All I knew about this novel before now was that it, unlike Tillman's previous works, featured very long sentences. I had no idea until just this morning, when I read the bookforum review, that the novel made skin into its leaping-off point for meditations on history and the human condition. I'm pleased to see that my Aunt (yes, we're related) has written this new novel from the point of view of a former historian (and I was just talking to her yesterday about how the worst thing about being historian must be torturous process of editing footnotes!). This current historian is now a designer, fascinated by chairs.
According to Matthew Sharpe,
Magnificently, Lynne Tillman makes skin do what Herman Melville made boats do--contain multitudes. American Genius, though less macho, belongs in the same class as Moby-Dick and Gravity's Rainbow: encyclopedic novels about America and the world.

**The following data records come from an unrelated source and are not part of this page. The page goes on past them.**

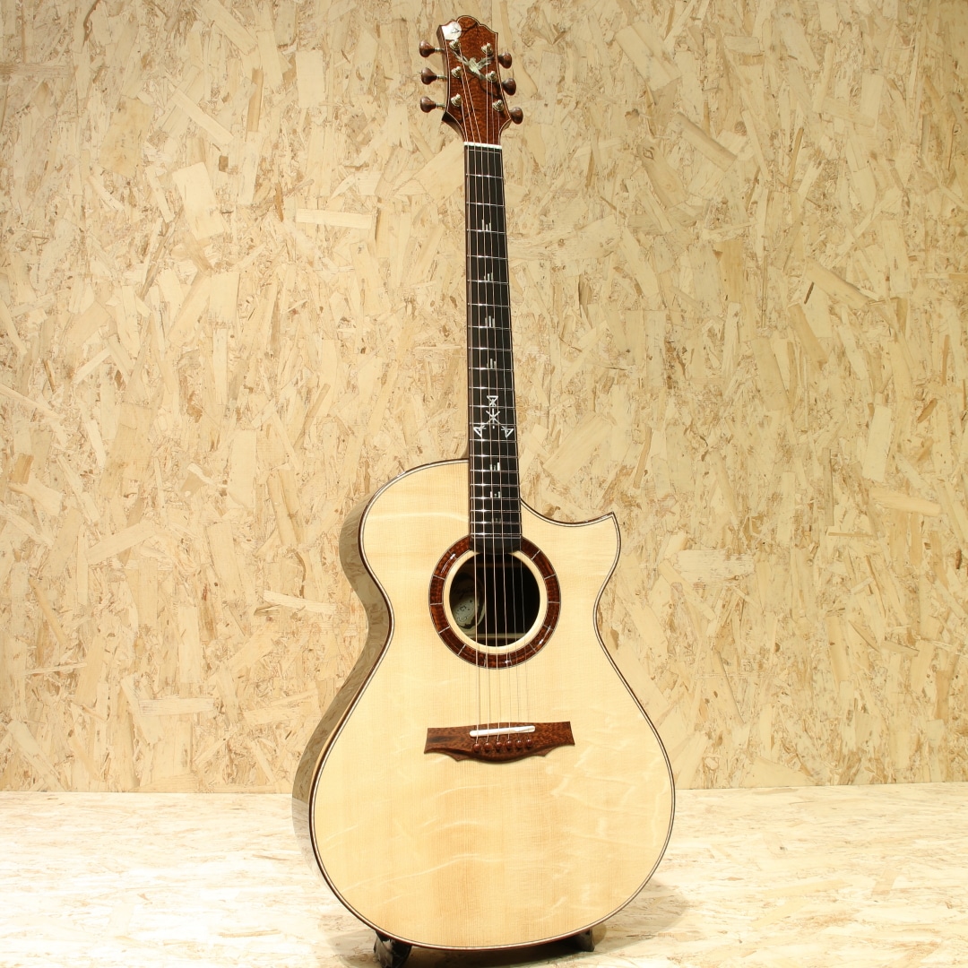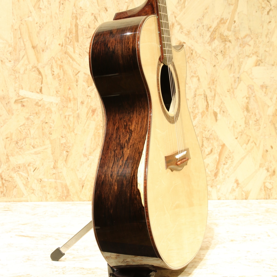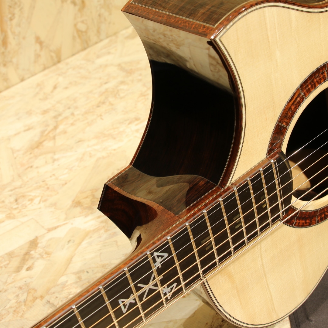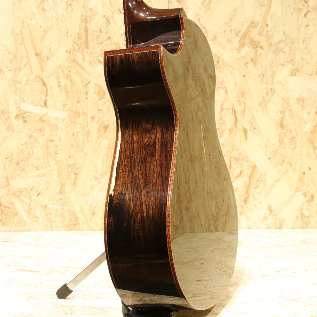 SJシェイプカッタウェイをベースに美事なマテリアルを贅沢に配した"SJ Cutaway"。トップには揺らめく美しいベアクロウ杢が全面に入ったジャーマンスプルース、サイド&バックには比重が高く重厚な音色が特徴で大きめサイズの材料の確保が特に難しくなっている高級材のアフリカンブラックウッドを使用。1ピースのインディアンローズウッドネック、エボニー指板、ゴトー製SGV510XGペグ、うろこ状に揺らめく高級材のスネイクウッドブリッジ&3Dロゼッタ、ヘッド&バックプレート、バインディング&バックコンターにも贅沢にスネイクウッドが使用され統一されています。3Dフローレンタインカッタウェイ、スキャロップドXブレイシング。とても美しい仕上げと高い完成度で、弊社200周年モデルとして最高の技術と素晴らしい材料を配して作り込まれた美事な1本。比重のある材料をあえて使用し、重心が低くより軸ブレ感のない倍音豊かなサウンドに仕上がっています。発音にパンチがあり野太く力強いサウンド。決してソリッドな金属質な響きではなく、重厚かつ広がりのあるサウンドになっています。堅牢なイメージとおもいきやとてもセンシティブなタッチにも明瞭に反応してくれる側面も持ち、材料を扱う技術の高さが伺えます。ネックは手になじみやすい44.5mm幅ナットと緩やかなシェイプ。サウンド、演奏性どちらも最高レベルです。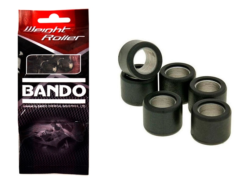 Rodillos Bando 22270329 25x15 14 gramos. Los rodillos Bando ofrecen un elevado rendimiento con una excelente calidad/precio. Estos rodillos de variador están realizados con resistentes bandas de nylon que permiten una mayor durabilidad además de un funcionamiento muy silenciosos. Disponible en una amplia gama de modelos para la principales scooters del mercado. La imagen mostrada es genérica.
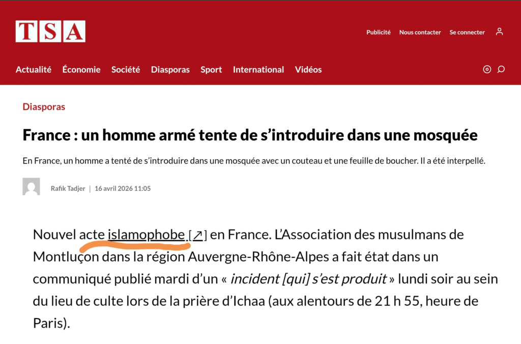 Alors que le média algérien TSA passe sous silence les attentats en Algérie, il évoque en revanche un prétendu acte islamophobe dans une mosquée en France. Or, la mosquée concernée n’a fait état d’aucun propos islamophobe de la part de l’individu, et le parquet, qui a rapidement communiqué, a écarté la qualification d’acte islamophobe.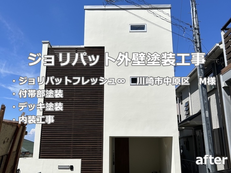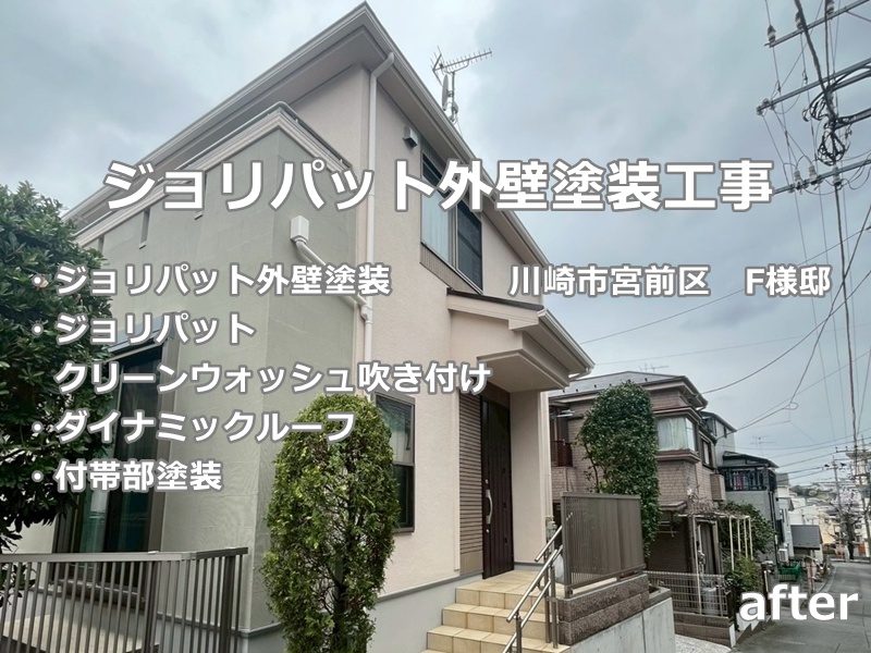 川崎市中原区のお客様より、ジョリパット外壁塗装、付帯部塗装、内壁塗装のご依頼をいただきました。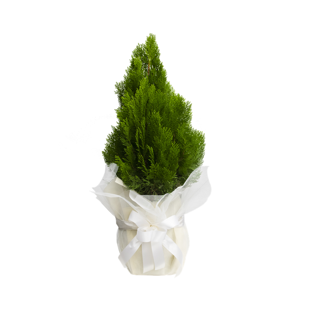 Pino decorado con papel blanco y yute.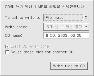 CD-R(W)¿¡ ÆÄÀÏÀ» ÀúÀåÇÒ Áغñ°¡ µÇ¼Ì´Ù¸é, CD Creator â¿¡¼ Write to CD ¹öưÀ» Ŭ¸¯ÇϽʽÿÀ. ±â·Ï ¼Óµµ, CD À̸§ ¹× ´Ù¸¥ ¿É¼ÇÀ» ¼³Á¤ÇÒ ¼ö ÀÖ´Â ´ëÈ »óÀÚ°¡ ³ªÅ¸³¯ °ÍÀÔ´Ï´Ù.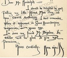 The Ozarkiana Collection contains various items related to Rose O'Neill. These include images, documents, as well as hand-written and illustrated correspondence. The majority of this correspondence is between Rose or her sister, Callista, and Vance Randolph.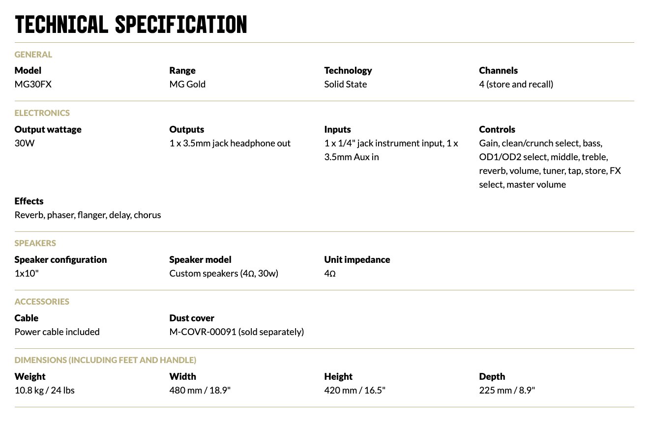 Non lasciarti ingannare dalla loro semplicità, la serie di amplificatori MG offre una gamma di toni classici e moderni, con tutte le caratteristiche di cui hai bisogno da un amplificatore per esercitazioni e molto altro ancora. Tutti gli amplificatori di questa gamma sono dotati di un'uscita cuffia emulata per rendere la pratica silenziosa più facile che mai. Sia che ti stia esercitando in un garage o che ti esibisca sul palco, questi amplificatori avranno sicuramente un bell'aspetto con le loro tubazioni dorate e la finitura in metallo dorato.

Grand and minute, elegiac and hilarious, this book will also contradict anything anyone can say about it."
If that's true, it's best to take a look for yourself. It's been excerpted in Bomb magazine, and you can read a snippet online.
It's got a web-presence already, being blogged at books are pretty and Midnight Ambulette twice, actually. Earlier this year, Dennis Cooper was celebrating Lynne Tillman Day. And a fellow in Buffalo includes the new novel on his list of books the New York Times should review in comparison with what they have reviewed, which seems to be Phillip Roth and more Phillip Roth.
I'll have more to say about it after reading it, which I will do on the plane on my way to the American Studies conference in Oakland (about which I will surely blog). What I can say for now is this: Lynne Tillman has remained true to her vision as a writer of serious literature. In a world of "Chick Lit" and navel-gazing memoirs, t's not easy to remain true to a marginalized field in which women are even more notoriously marginalized by critics who are obsessed with boys. So the comparison made in the blurbs to boy-cult author, Thomas Pyncheon, delights me.
From what I know of her work, this novel will do what others have failed at: integrate personal reflection with the weight of American history. I look forward to it.